Yuliang-Liu / Monkey

【CVPR 2024 Highlight】Monkey (LMM): Image Resolution and Text Label Are Important Things for Large Multi-modal Models
MIT License
1.82k stars 128 forks source link

Performance compared to llava? #5

Closed eddyrivers10 closed 6 months ago

eddyrivers10 commented 11 months ago

Hi authors, I ran images in your demo but I got a much worse results compared to Llava. The captions are very short even if I follow the same prompt for detailed description in the paper and I used the same image for both llava and this. The higher resolution also doesn't capture the small text in the correct location. Is there something wrong with the demo? I cannot get results close to anything shown in the paper.

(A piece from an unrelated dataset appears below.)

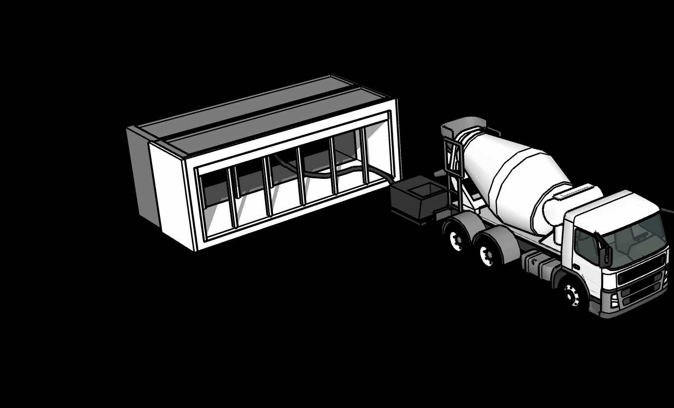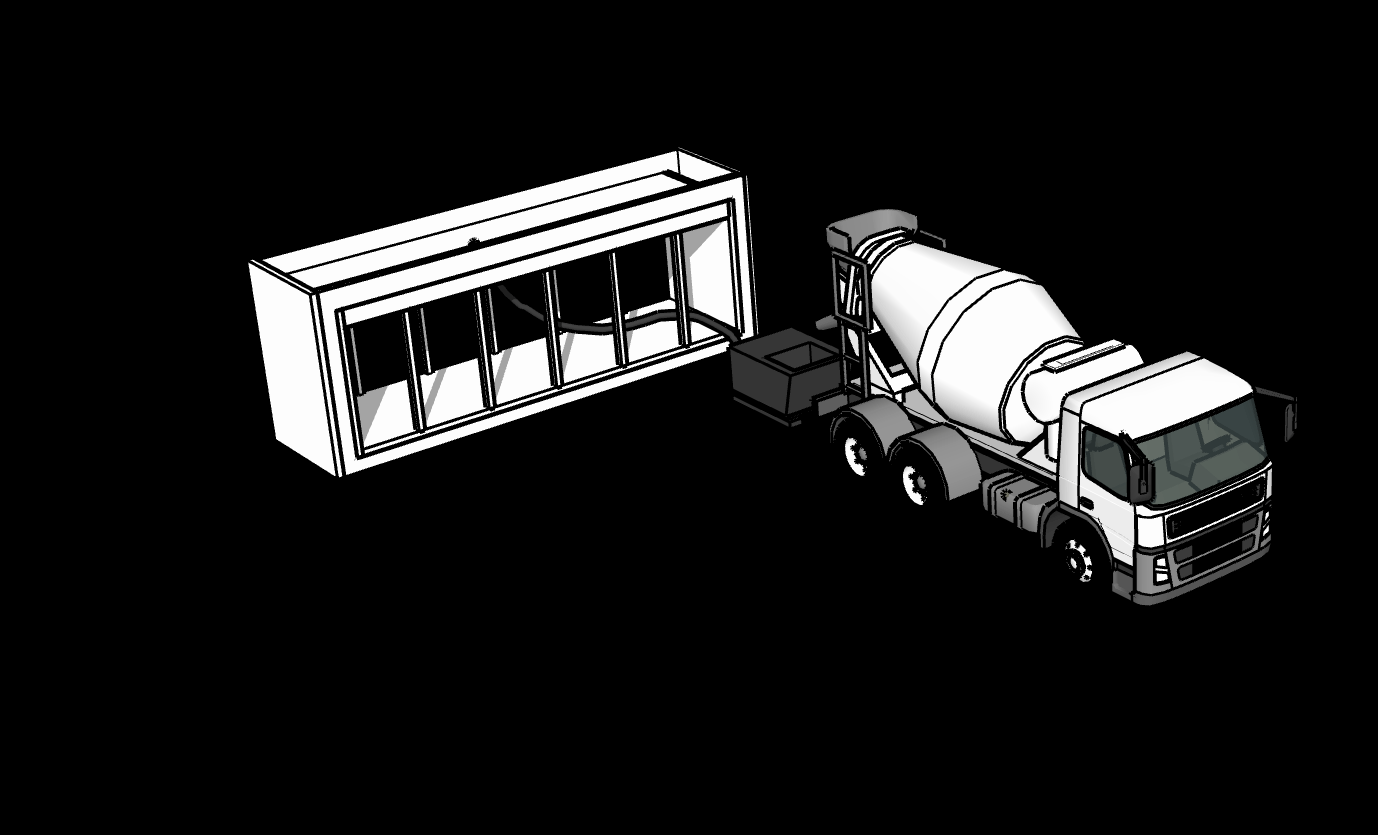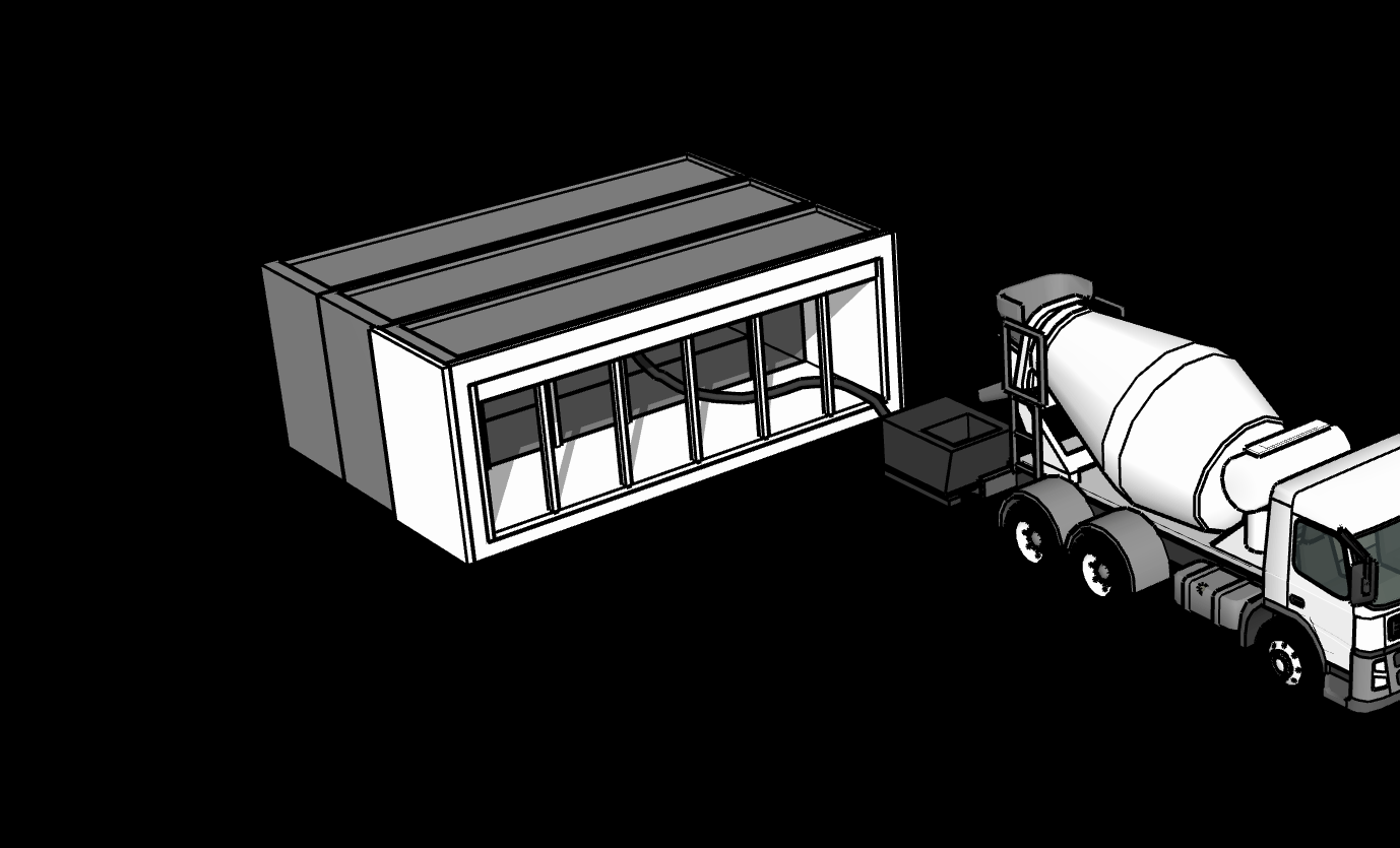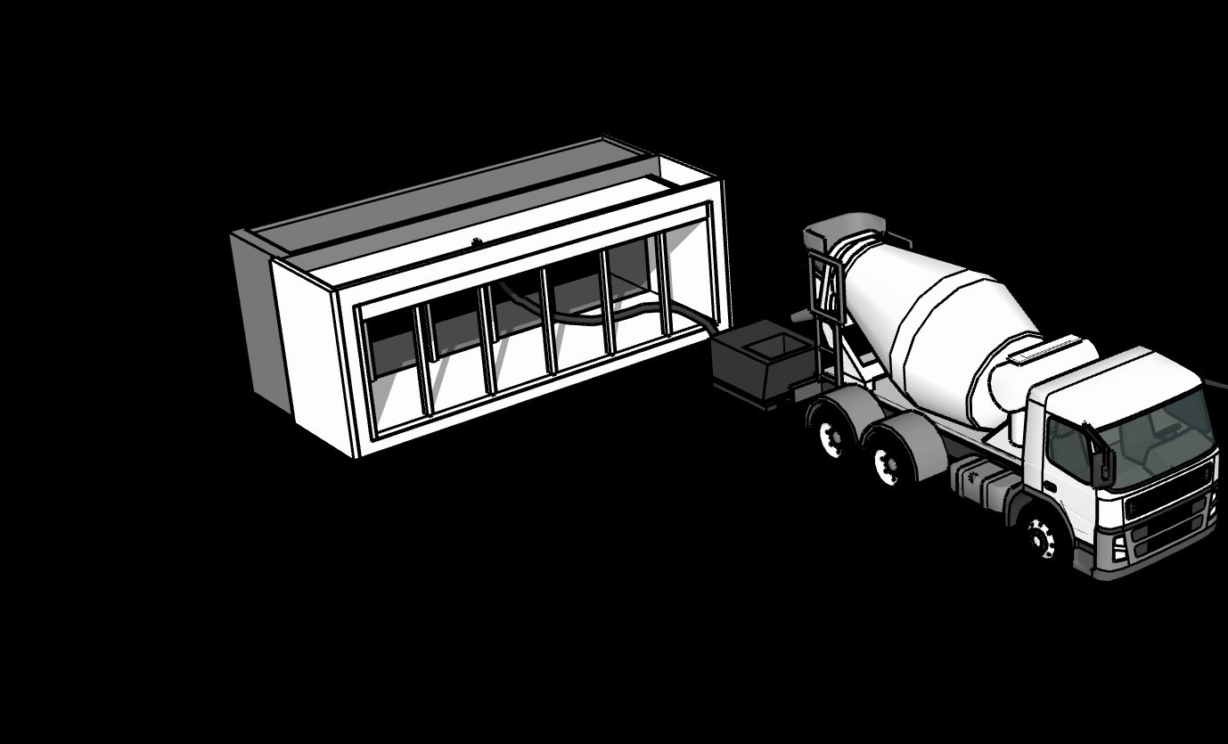 Using standard equipment, a concrete truck fills the machine in under 90 minutes. No specialized or even finishing labor required.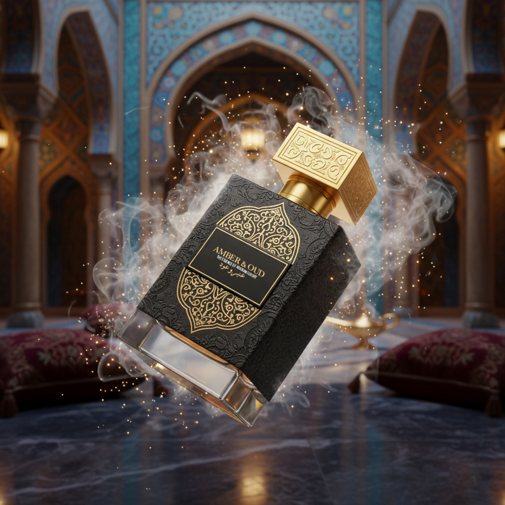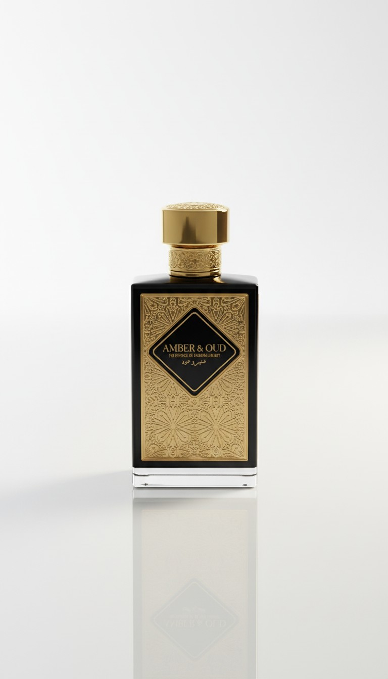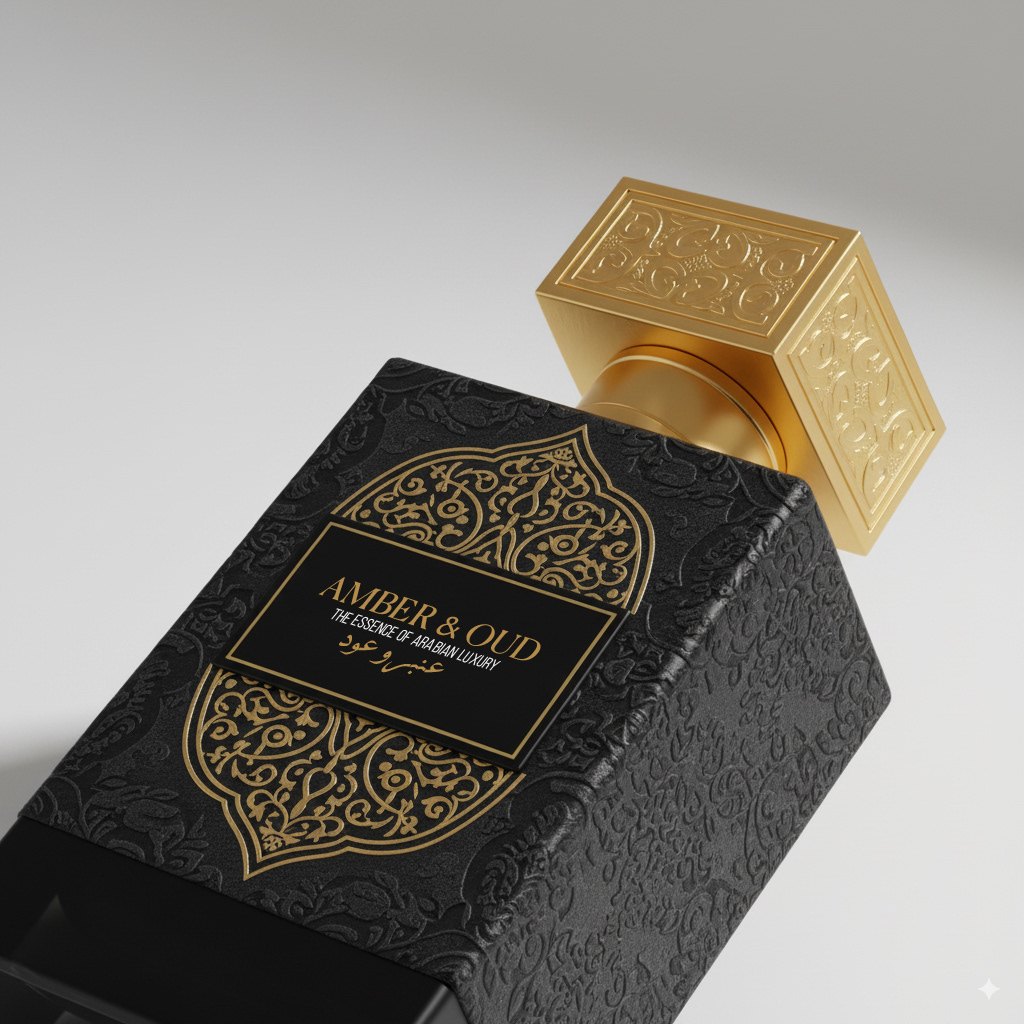 Amber & Oud的香水包装堪称是阿拉伯奢华风格的精致缩影。瓶身设计沉稳大气,黑色主调搭配金色元素,瞬间营造出高贵而神秘的氛围。瓶盖采用独特的几何形状,表面雕刻着精美的阿拉伯传统花纹,每一处细节都彰显着工艺的精湛与对传统文化的尊崇。标签上的金色文字与图案,在黑色瓶身的衬托下愈发醒目,进一步强化了奢华感。

Can you explain how you added perceiver resampler too? Since perceiver resampler is used for videos, is the temporal dimension used for the number of images?

Thanks in advance.

Yuliang-Liu commented 11 months ago

@eddyrivers10

Dear Eddy,

Could you kindly provide some images for us? We need them to identify the potential causes of the issue we're facing. We've conducted numerous comparisons with LLaVA 1.5 and believe that our results should at least match its performance. Your assistance in sharing these images would be greatly appreciated.

YULUOYUNZHI commented 11 months ago

I chose 5 images that occurred today for testing, which I uploaded for analysis. The first four are from today's 2023 League of Legends World Championship, and the fifth is a random shot taken for testing purposes. Based on the images I uploaded, I find that in most cases, Monkey testing performs better than Llava 1.5. image image image image image

eddyrivers10 commented 11 months ago

Hi, I just used the default image of the man ironing on the back of his car from the llava dem https://llava.hliu.cc/. When I asked for a detailed caption I get A man is ironing his shirt on the back of a car.

Second example I tried was the water image from the llava demo too. The caption received is A long wooden pier on a lake surrounded by trees..

The captions are very short compared to llava. However llava hallucinates more as the captions are longer. Does the demo use the same decoding length? I wonder how you can make Monkey give descriptive sentences without hallucinating. Thanks!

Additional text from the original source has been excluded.